Aird and his team have been joining the puzzle pieces around each shield, from donated materials to knowledge held by specialists across Australia – aided by keenly following research leads – all of which has been crucial to this comprehensive display.
A significant find was a photograph taken in Brisbane in 1901 of a procession for the visiting Duke and Duchess of Cornwall and York. This image, with newspaper reports, confirm that Badtjala shields from K’gari (Fraser Island) were part of the display, one of which has been held by the Queensland Museum since 1904, with another two in the Stockholm Museum since 1916.

What the regional groupings make evident is the variety and dramatic differences shields convey. Areas throughout Australia are represented – from north Queensland’s strongly patterned rainforest shields to the narrower and more elongated versions that emerge from parts of Western Australia.
The types of carving, paint and patterns – and usage, with some marked by spear impacts – extend the wide variety in these objects. Adding additional interest are artworks that innovate traditional shield designs from contemporary Aboriginal artists – Judy Watson, Dylan Sarra, Jennifer Herd, Paul Bong and Bernard Singleton Jr. These artists (and many others) connect to these cultural artefacts and interpret them anew.

Aird observes that artists such as Bong and Singleton, who have historical connections to the rainforest, draw on the traditions but “refuse to use an old shield design – that they may see in a museum or a book – and copy it exactly. Their own protocols dictate that you are not allowed to do that with work by an earlier artist”.
Watson, who has a long-term interest in Aboriginal objects displaced by colonisation and theft, has used a particular shield included in the exhibition, characterised by its carved directional changes, in some of her public artworks.

Excavated “10-inches below the Earth’s surface” at Archerfield Airport, not far from where Watson grew up, research has confirmed its origins in Western Australia’s Gascoyne region, with the connection between the two places via air, probably carried between these two bases by an American serviceman after World War Two.

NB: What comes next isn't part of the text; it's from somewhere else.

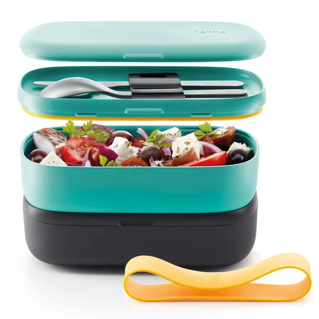 Diese elegante Lebensmittelbehälter für Snacks oder Mittagsessen besteht aus zwei hermetisch verschlossenen Behältern mit einem Volumen von 500 ml. Jeder hat einen eigenen Deckel mit Silikondichtung und Ventil, so dass der Inhalt immer luftdicht und auslaufsicher ist. Überdies gibt es unter dem Deckel eine Ablagefläche für Besteck - wie praktisch!

Watson says: “I think of it as an outlier.”
One group of shields that do possess strong provenance came to the museum from Mornington Island. Aird describes their importance to the community who have visited the exhibition to spend time with the objects. They were donated by the superintendent of the Presbyterian Mission on Mornington Island, Reverend James McCarthy (1944–1948), who also provided photographs of Mornington Island community members holding shields featured in the exhibition, with these connections particularly precious.

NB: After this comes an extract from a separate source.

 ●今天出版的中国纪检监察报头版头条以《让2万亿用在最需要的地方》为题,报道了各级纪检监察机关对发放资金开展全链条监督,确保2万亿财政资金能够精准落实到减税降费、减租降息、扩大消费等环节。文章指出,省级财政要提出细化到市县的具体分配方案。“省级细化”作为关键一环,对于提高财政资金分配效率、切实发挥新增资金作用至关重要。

For Aird it underlines that “these are not residual artefacts. They are part of traditions that continue. We have been lucky to have three substantial visits from Mornington Island representatives, and they’re so happy that the shields and artefacts are here”.
As Yidingi artist Paul Bong attests: “By combining traditional shield designs with contemporary materials and forms, I’m showing that our culture is still alive and evolving … it represents my identity, my culture and the continuation of our stories through new mediums.”
Shields: design and functionality continues at the UQ Anthropology Museum, Michie Building, St Lucia, until September 4.